**Exercise goal:**
Only the lines from the opening of the material through the line bearing "陳東市長向沙爾平先生介紹了中" should be reproduced, exactly and without pictures.

**Information provided:**
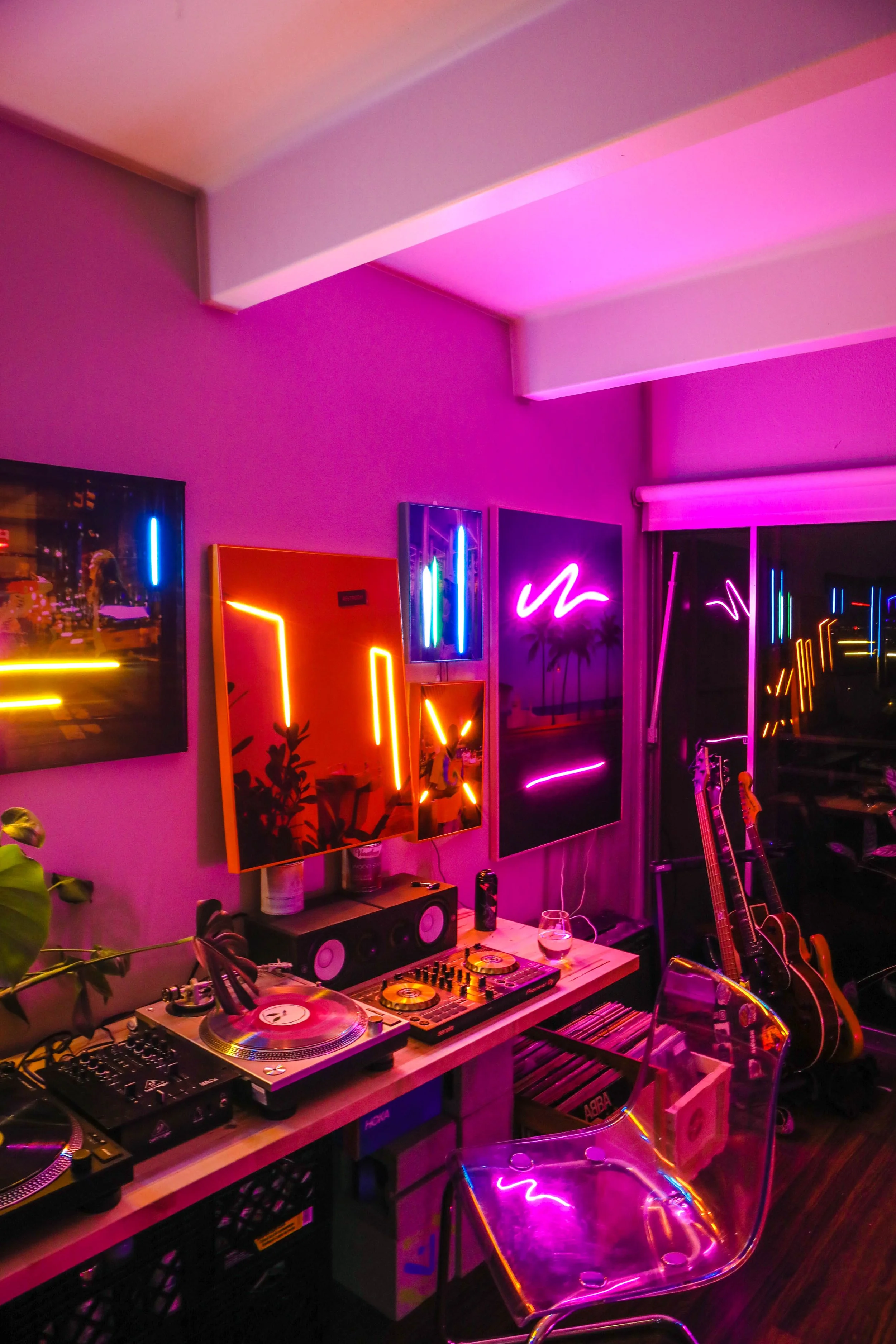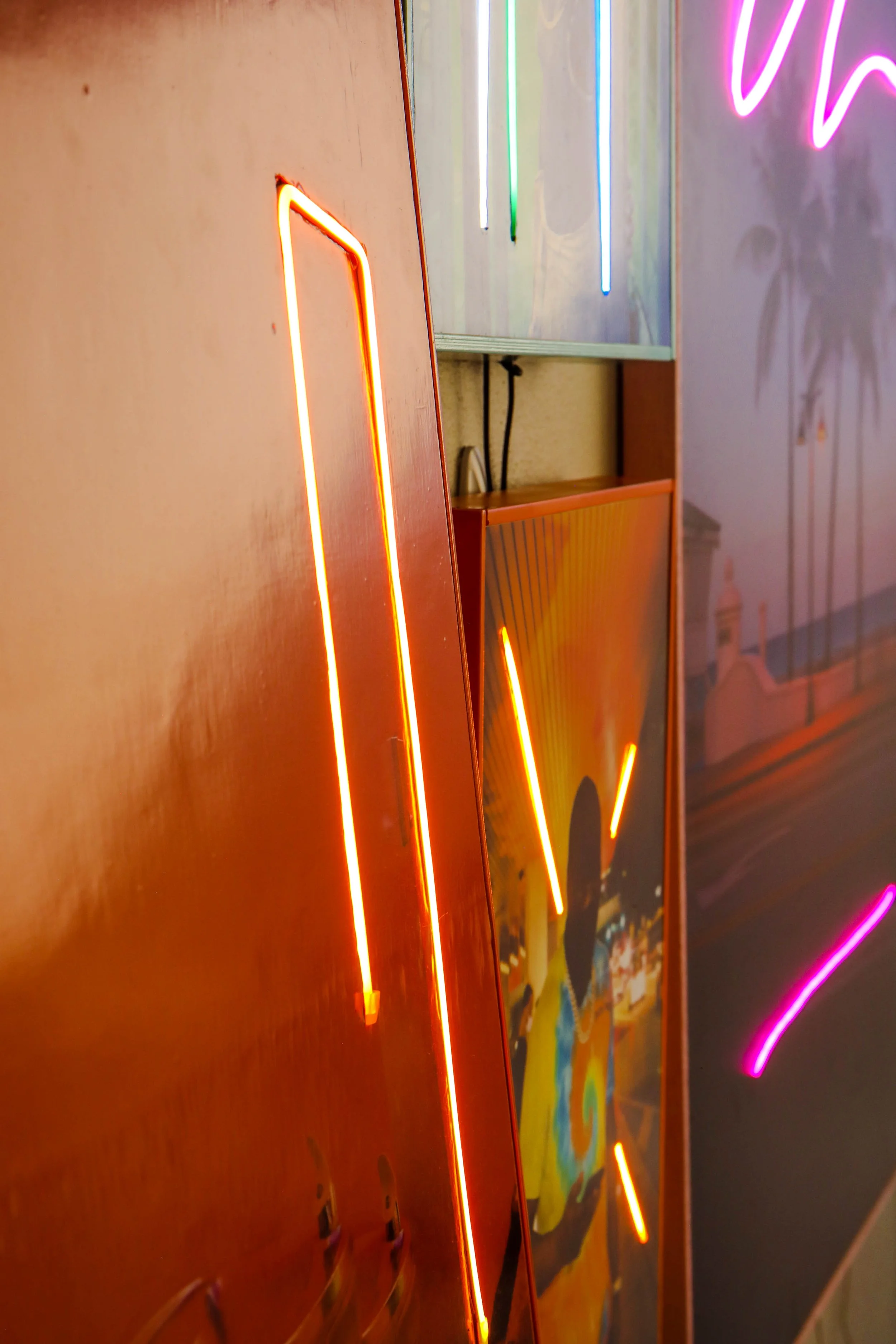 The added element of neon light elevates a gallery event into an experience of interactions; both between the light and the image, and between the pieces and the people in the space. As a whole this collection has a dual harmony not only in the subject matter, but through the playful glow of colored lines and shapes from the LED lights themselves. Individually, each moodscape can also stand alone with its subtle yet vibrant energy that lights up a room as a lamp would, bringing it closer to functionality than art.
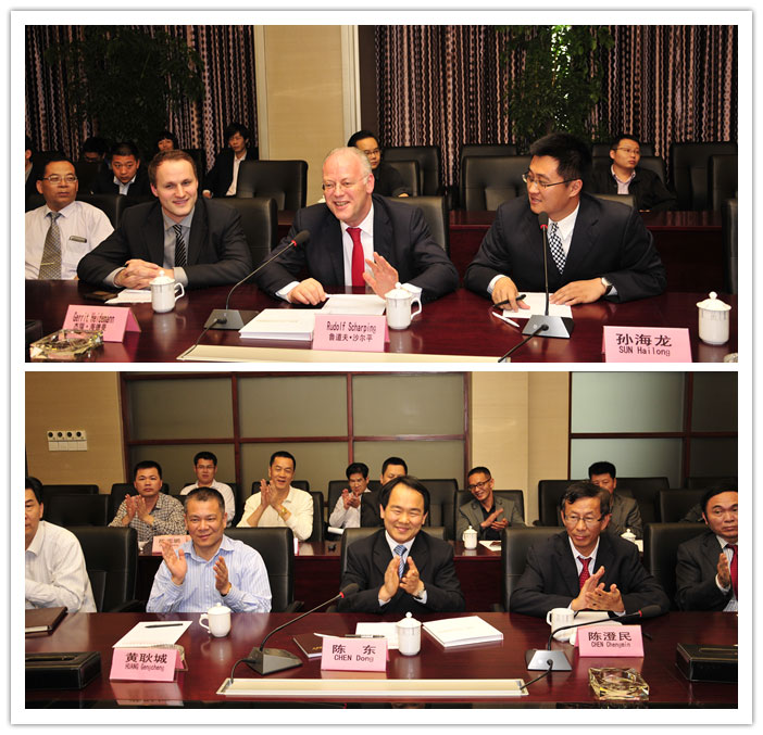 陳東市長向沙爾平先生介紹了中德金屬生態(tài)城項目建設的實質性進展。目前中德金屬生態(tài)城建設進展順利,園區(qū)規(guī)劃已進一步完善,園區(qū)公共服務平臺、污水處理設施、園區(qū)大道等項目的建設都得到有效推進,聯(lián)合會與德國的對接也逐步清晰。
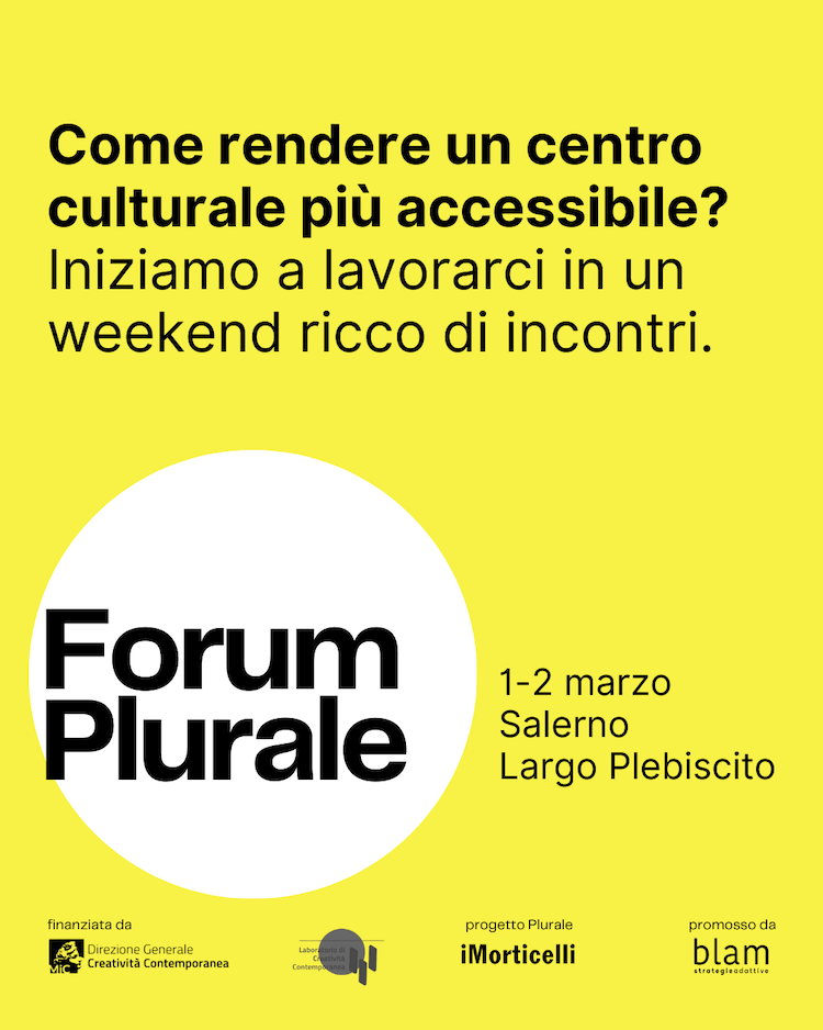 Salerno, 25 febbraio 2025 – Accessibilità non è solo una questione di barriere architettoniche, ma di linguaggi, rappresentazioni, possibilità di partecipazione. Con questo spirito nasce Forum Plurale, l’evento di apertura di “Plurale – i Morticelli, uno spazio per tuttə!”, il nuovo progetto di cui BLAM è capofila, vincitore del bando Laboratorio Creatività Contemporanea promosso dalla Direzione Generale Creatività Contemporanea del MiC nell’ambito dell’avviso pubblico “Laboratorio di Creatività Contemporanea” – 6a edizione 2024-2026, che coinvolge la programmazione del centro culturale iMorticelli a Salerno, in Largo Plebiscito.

**Your solution:**
 The added element of neon light elevates a gallery event into an experience of interactions; both between the light and the image, and between the pieces and the people in the space. As a whole this collection has a dual harmony not only in the subject matter, but through the playful glow of colored lines and shapes from the LED lights themselves. Individually, each moodscape can also stand alone with its subtle yet vibrant energy that lights up a room as a lamp would, bringing it closer to functionality than art.
 陳東市長向沙爾平先生介紹了中德金屬生態(tài)城項目建設的實質性進展。目前中德金屬生態(tài)城建設進展順利,園區(qū)規(guī)劃已進一步完善,園區(qū)公共服務平臺、污水處理設施、園區(qū)大道等項目的建設都得到有效推進,聯(lián)合會與德國的對接也逐步清晰。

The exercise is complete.